One answer is that of course it does. If LLMs are grounded, perhaps it no longer matters whether grounding is necessary for human language understanding––at the very least, it’s no longer something proponents of the “Axiomatic Rejection” view can point to as a line in the sand separating humans from LLMs (or “LLM+” models, as David Chalmers has called them).
Yet as I noted above, I think the debate over grounding in humans is more complex than simply whether grounding is necessary. In my view, neither language comprehension nor grounding are “all-or-none”. Accordingly, it’s possible that some degree (or kind) of comprehension is possible with some degree (or kind) of grounding, and that some other degree (or kind) of comprehension would require a different degree (or kind) of grounding.
One way I think about the utility of multimodal information is as offering a kind of stability to our representations. If you only have one source of information about a particular stimulus, the more prone you are to catastrophic failure––i.e., if that input stream fails in some way, your representation of that stimulus is completely distorted. But multiple sources of information about the world offer redundancy, which could prevent that kind of catastrophic failure. Moreover, the information content of different modalities is also inter-correlated, which means that we can sometimes fill in the gaps of one input using information from another input. Ultimately, this stability may go a long way towards addressing the fragility of current language models––and, for that matter, many image recognition models––which often “break” under slight perturbations in the stimulus.

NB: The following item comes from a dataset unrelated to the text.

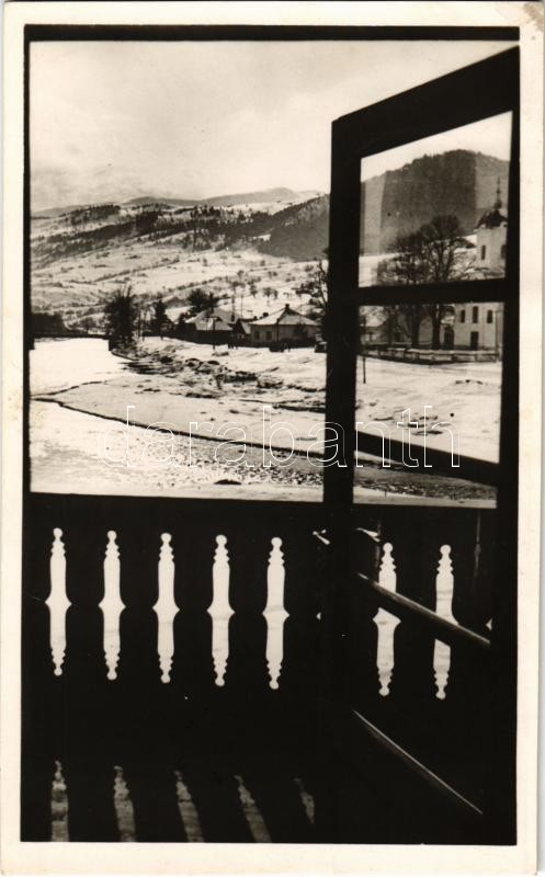 1944 Kőrösmező, Yasinia, Yasinya, Jassinja, Jasina (Máramaros); "Budapest" üdülő és turistaszálló, kilátás a Tiszára. Foto Erődi / tourist hotel, holiday resort in winter, riverbank (EK)

Under this view, the question is not whether ungrounded LLMs understand language; some understanding––the kind afforded by exploiting large-scale statistical regularities––is possible. The more relevant question is about whether and to what extent that understanding is robust.
A big exception is work by Marina Bedny on visual knowledge among blind individuals, which I discuss below.
Pro-embodiment readers might reply that they imagine a pair of dice, or perhaps Chance the Rapper. I’ll admit that it’s hard to define exactly what makes something abstract, and that our brains are prone to trying to ground these concepts in something––even if we end up simulating very different things. As I argue later, it’s possible this is one of those “differences in degree” situations: abstract concepts are much more diffuse in the sensorimotor experiences they recruit, and also perhaps rely more heavily on distributional cues like associated words.